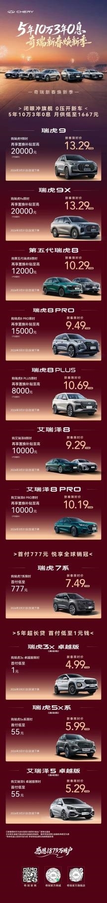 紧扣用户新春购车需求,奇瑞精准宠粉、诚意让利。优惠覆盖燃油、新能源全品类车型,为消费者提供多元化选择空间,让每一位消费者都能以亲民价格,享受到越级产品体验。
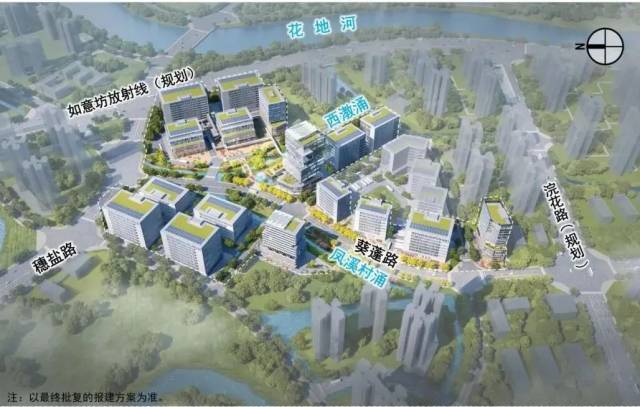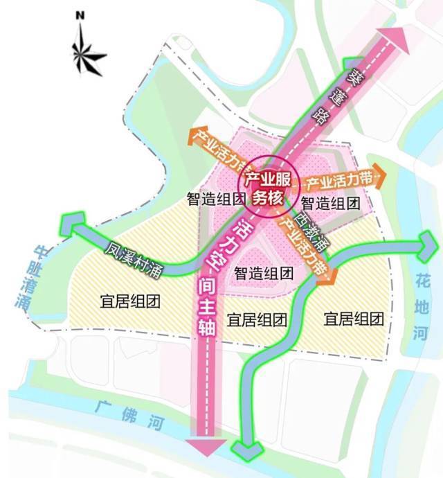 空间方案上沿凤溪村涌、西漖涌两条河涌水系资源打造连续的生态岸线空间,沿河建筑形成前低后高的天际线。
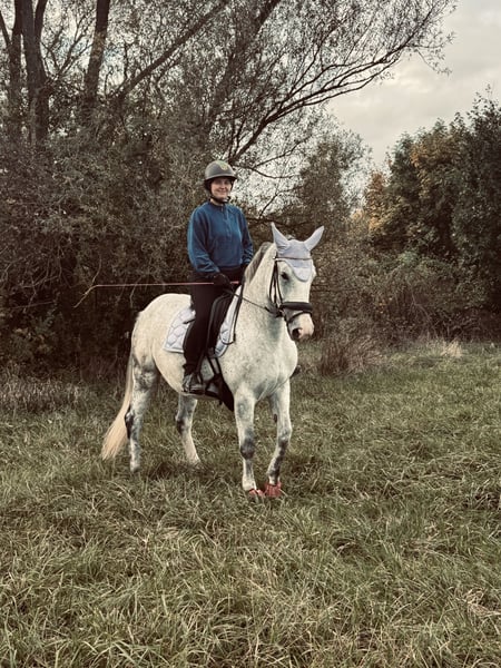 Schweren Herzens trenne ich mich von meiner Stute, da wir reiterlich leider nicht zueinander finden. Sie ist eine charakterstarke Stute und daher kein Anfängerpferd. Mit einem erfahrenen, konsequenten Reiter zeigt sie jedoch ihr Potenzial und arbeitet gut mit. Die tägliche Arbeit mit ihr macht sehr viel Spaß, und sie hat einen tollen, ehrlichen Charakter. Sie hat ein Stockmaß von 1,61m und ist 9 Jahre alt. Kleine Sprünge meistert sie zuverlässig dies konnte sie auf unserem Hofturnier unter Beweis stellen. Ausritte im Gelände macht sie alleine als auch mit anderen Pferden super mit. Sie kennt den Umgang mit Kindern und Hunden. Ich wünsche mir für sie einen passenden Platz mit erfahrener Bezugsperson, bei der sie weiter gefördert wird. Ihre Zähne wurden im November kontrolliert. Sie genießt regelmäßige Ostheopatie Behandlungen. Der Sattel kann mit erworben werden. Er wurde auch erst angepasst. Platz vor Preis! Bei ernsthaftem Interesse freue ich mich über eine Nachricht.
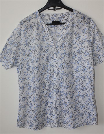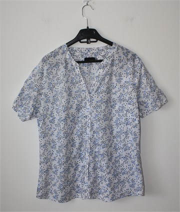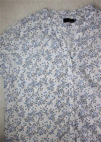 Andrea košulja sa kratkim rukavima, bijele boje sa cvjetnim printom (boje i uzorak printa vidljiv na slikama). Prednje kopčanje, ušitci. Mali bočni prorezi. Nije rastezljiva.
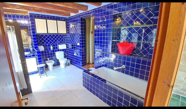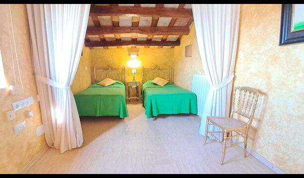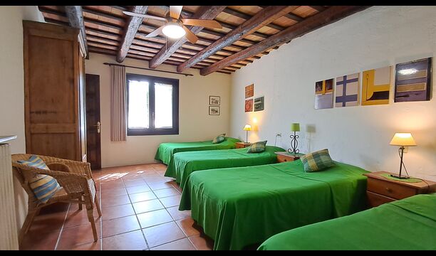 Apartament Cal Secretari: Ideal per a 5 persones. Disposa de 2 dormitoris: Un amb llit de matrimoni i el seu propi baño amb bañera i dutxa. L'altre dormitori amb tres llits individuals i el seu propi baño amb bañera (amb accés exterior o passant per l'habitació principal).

- EXERCISE BRIEF:
Reproduce the material in its entirety and word for word, without the pictures.

- COMPLETED TASK:
 紧扣用户新春购车需求,奇瑞精准宠粉、诚意让利。优惠覆盖燃油、新能源全品类车型,为消费者提供多元化选择空间,让每一位消费者都能以亲民价格,享受到越级产品体验。
 空间方案上沿凤溪村涌、西漖涌两条河涌水系资源打造连续的生态岸线空间,沿河建筑形成前低后高的天际线。
 Schweren Herzens trenne ich mich von meiner Stute, da wir reiterlich leider nicht zueinander finden. Sie ist eine charakterstarke Stute und daher kein Anfängerpferd. Mit einem erfahrenen, konsequenten Reiter zeigt sie jedoch ihr Potenzial und arbeitet gut mit. Die tägliche Arbeit mit ihr macht sehr viel Spaß, und sie hat einen tollen, ehrlichen Charakter. Sie hat ein Stockmaß von 1,61m und ist 9 Jahre alt. Kleine Sprünge meistert sie zuverlässig dies konnte sie auf unserem Hofturnier unter Beweis stellen. Ausritte im Gelände macht sie alleine als auch mit anderen Pferden super mit. Sie kennt den Umgang mit Kindern und Hunden. Ich wünsche mir für sie einen passenden Platz mit erfahrener Bezugsperson, bei der sie weiter gefördert wird. Ihre Zähne wurden im November kontrolliert. Sie genießt regelmäßige Ostheopatie Behandlungen. Der Sattel kann mit erworben werden. Er wurde auch erst angepasst. Platz vor Preis! Bei ernsthaftem Interesse freue ich mich über eine Nachricht.
 Andrea košulja sa kratkim rukavima, bijele boje sa cvjetnim printom (boje i uzorak printa vidljiv na slikama). Prednje kopčanje, ušitci. Mali bočni prorezi. Nije rastezljiva.
 Apartament Cal Secretari: Ideal per a 5 persones. Disposa de 2 dormitoris: Un amb llit de matrimoni i el seu propi baño amb bañera i dutxa. L'altre dormitori amb tres llits individuals i el seu propi baño amb bañera (amb accés exterior o passant per l'habitació principal).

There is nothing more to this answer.